Should I Refinance My Home: 6 Signs You Should Look Into Refinancing

Getting a mortgage is a major financial achievement. Once you have one, you might be tempted to just sit back and enjoy your new home.

But in fact, that's not always a smart move. Experienced homeowners know their mortgage should be reviewed and perhaps refinanced from time to time. They also know the signs you should refinance your mortgage now.

With that in mind, here are six signs you should refinance your mortgage:

1. You Want a Lower Rate and Payment

Though mortgage rates have been low for more than a decade, many homeowners still have a mortgage rate that's higher than they can get today. Refinancing can dramatically lower your monthly payment and interest expense. A fixed rate can be especially attractive if you are nearing retirement and need to plan a budget with a fixed income.

2. You Want to Lock in a Fixed Rate

A home loan with an adjustable or variable rate can save you money as long as rates stay low. If you're concerned that rates – and your payment – might rise, you might want to refinance to lock in a fixed rate. A fixed rate might be a bit higher than an adjustable rate, but you'll have less risk and less worry.

3. You Want to Cash Out Equity

If your home is worth substantially more than your current mortgage balance, you might be able to refinance and take out cash to make home improvements, pay off other debts, finance a start-up business, buy an investment property or satisfy other needs or wants.

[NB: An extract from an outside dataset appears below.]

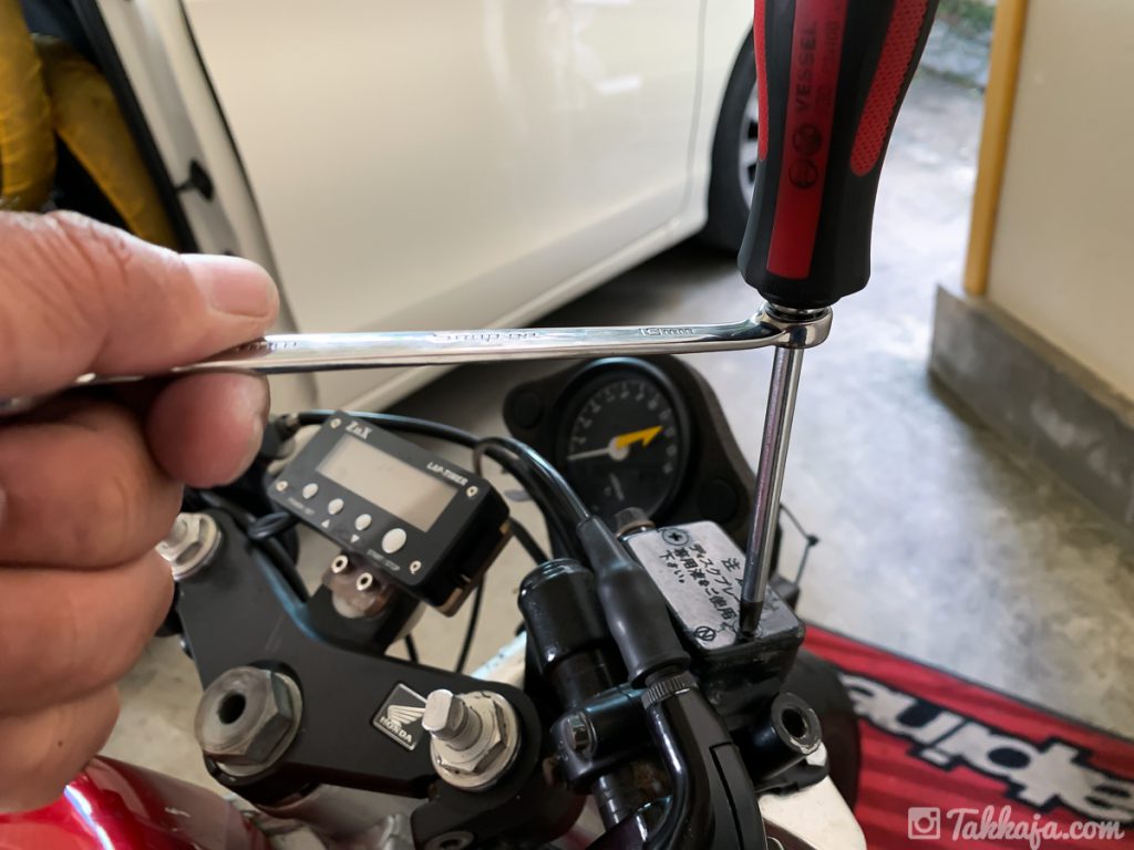 マスターシリンダーの固定位置をギリギリまで内側まで追い込む。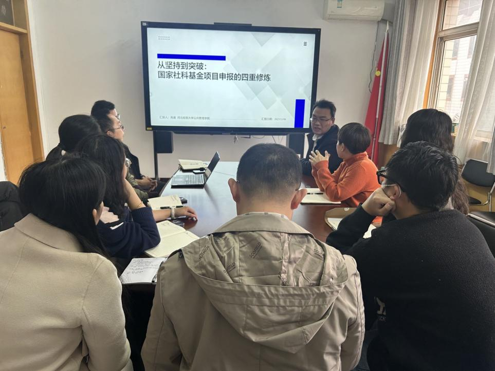 为进一步提升太阳成集团tyc234cc主页教师的科研能力,助力国家社科基金项目申报,2025年11月6日下午,太阳成集团tyc234cc主页与河北省财政经济与公共政策研究基地联合开展了题为“从坚持到突破:国家社科基金项目的四重修炼”的专题分享会。本次会议特邀公共管理公司高星博士担任主讲嘉宾,太阳成集团tyc234cc主页副经理仇晓洁及专任教师参加了此次交流活动。

Rather than get a home equity loan or home equity line of credit (HELOC), refinancing can enable you to cash out and restructure your first loan at the same time, leaving you with one loan instead of two.

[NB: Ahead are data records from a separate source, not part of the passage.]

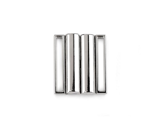 Kovové zapínanie sa skladá z dvoch dielov a zapnete ho vsunutím jedného dielu medzi druhý. Využijete ho na plavky, ale aj na výrobu opaskov. Povrch je odolný voči korózii. Rozmery jedného dielu spony sú 21 x 33 mm.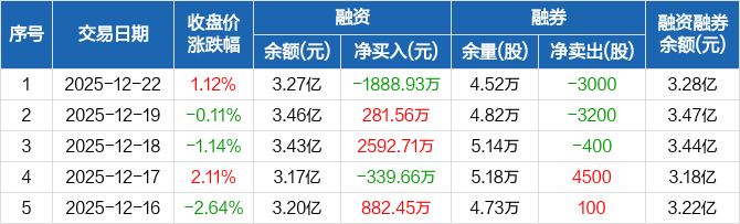 德赛电池:融资净偿还1888.93万元,融资余额3.27亿元(12-22)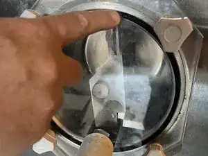 Обратите внимание на вал смешивающего элемента на брусе, который подключается к белой втулке лицевой панели, где было уплотнение.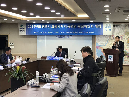 평택시(시장 정장선)는 지난 8일 교통약자 특별교통수단(장애인콜택시) 이용자의 이동편의 증진과 차량이용 편의 제공을 위해 ‘교통약자 이동편의 증진위원회’를 개최했다.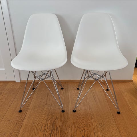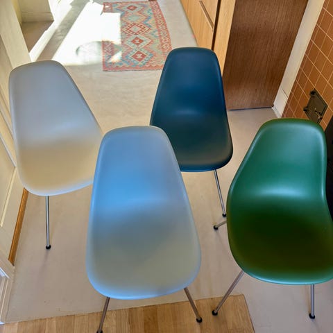 Selger 3 stk Eames plastic chair DSX i polypropylene, i fargene gul, oransje og grønn. Alle med chrome finish på beina. Det er dessuten sorte knotter på alle stolene. Noter den grønne stolen har en løs knott. Det kan sikkert bestilles ny fra Vitra.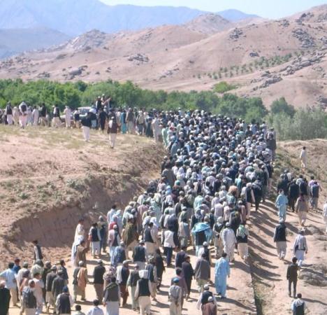 هزاران تن در شهر نیلی مرکز ولایت بامیان، با راه اندازی يک راهپیمایی، اعتراض خود را به کشتار و چپاول تاریخی باشندگان مناطق مرکزی توسط کوچی ها ابراز داشتند.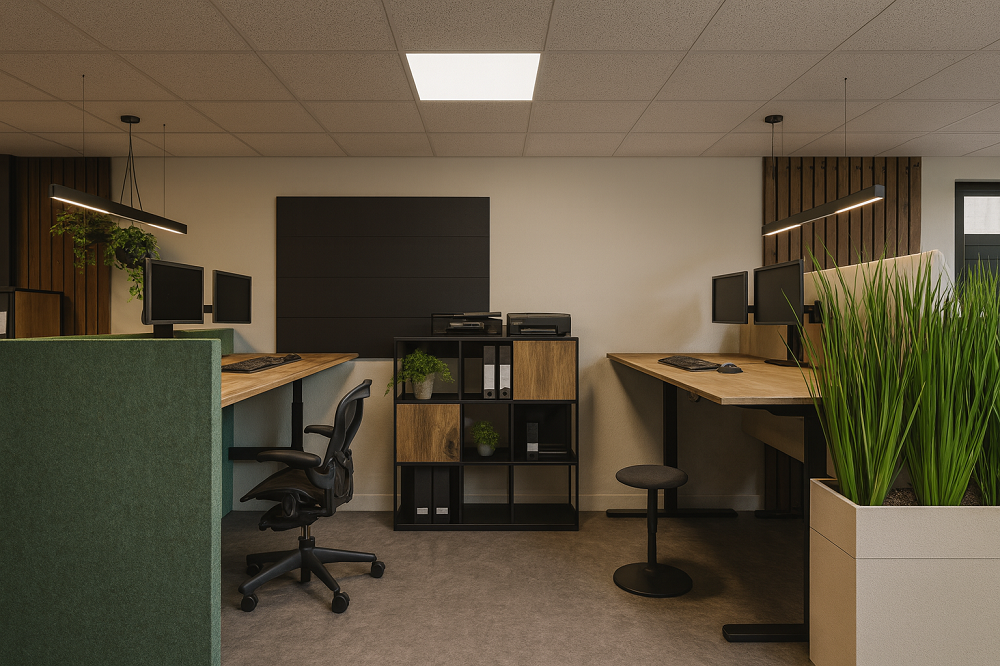 Van daaruit kijken we welke elementen de ruimte extra ondersteuning geven. Denk aan zachte stoffen voor akoestiek, kleuren die de werkplek warmer maken of subtiele decoratie die het kantoor persoonlijker maakt. Ook kunnen we helpen bij het kiezen van passende planten, wandafwerking of losse accessoires, zodat alles mooi op elkaar aansluit.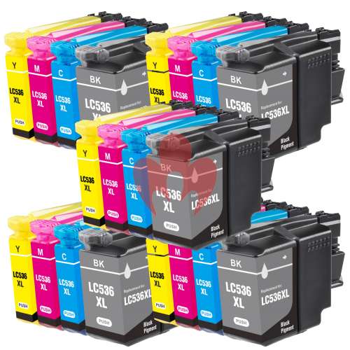 20 Pack Compatible Brother LC-536XL Ink Cartridge Set (5BK,5C,5M,5Y)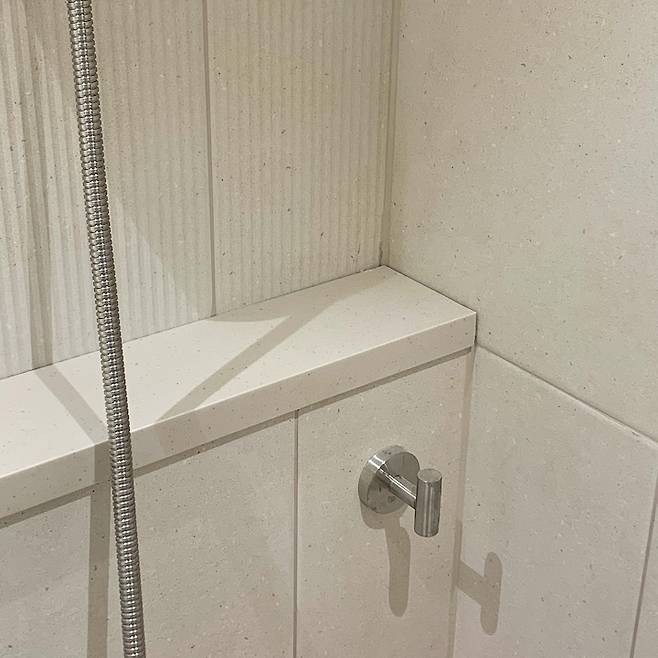 원래는 라이트그레이 색상 위주로 타일을 보러 다녔는데요. 집이 전체적으로 화이트 톤이라 욕실은 따듯한 느낌이 좋을 것 같아서 아이보리 베이지 톤으로 바꿨어요. 욕실에서 저만 아는 귀여운 포인트는 젠다이 위쪽으로 템바보드 디테일이 있는 타일로 시공했다는 거예요. 별거 아닌데 생각보다 예뻐서 기분이 좋아요.

4. You Want to Consolidate Two Home Loans Into One

If you already have a first mortgage and a home equity loan or HELOC, you can refinance to consolidate those loans into one loan with one monthly payment. If your second loan has a variable rate, refinancing could enable you to convert that to a fixed rate and a payment that won't change even if market rates go up.

5. You Want to Stop Payment for Mortgage Insurance

Mortgage insurance encourages lenders to offer affordable home loans with small down payments. If you have a loan that requires mortgage insurance and you now have more equity than you did when you obtained the loan, refinancing might enable you to stop paying for mortgage insurance. And if you can't get rid of your mortgage insurance altogether, refinancing could help you to lower how much you pay for it.

6. You're Getting Divorced

A divorce decree might say that either you or your ex-spouse is solely responsible for your mortgage payment. But your lender isn't obligated to honor that decree and probably won't remove you or your ex from your loan. The only way to remove a borrower is for the other person to refinance the loan in his or her name only.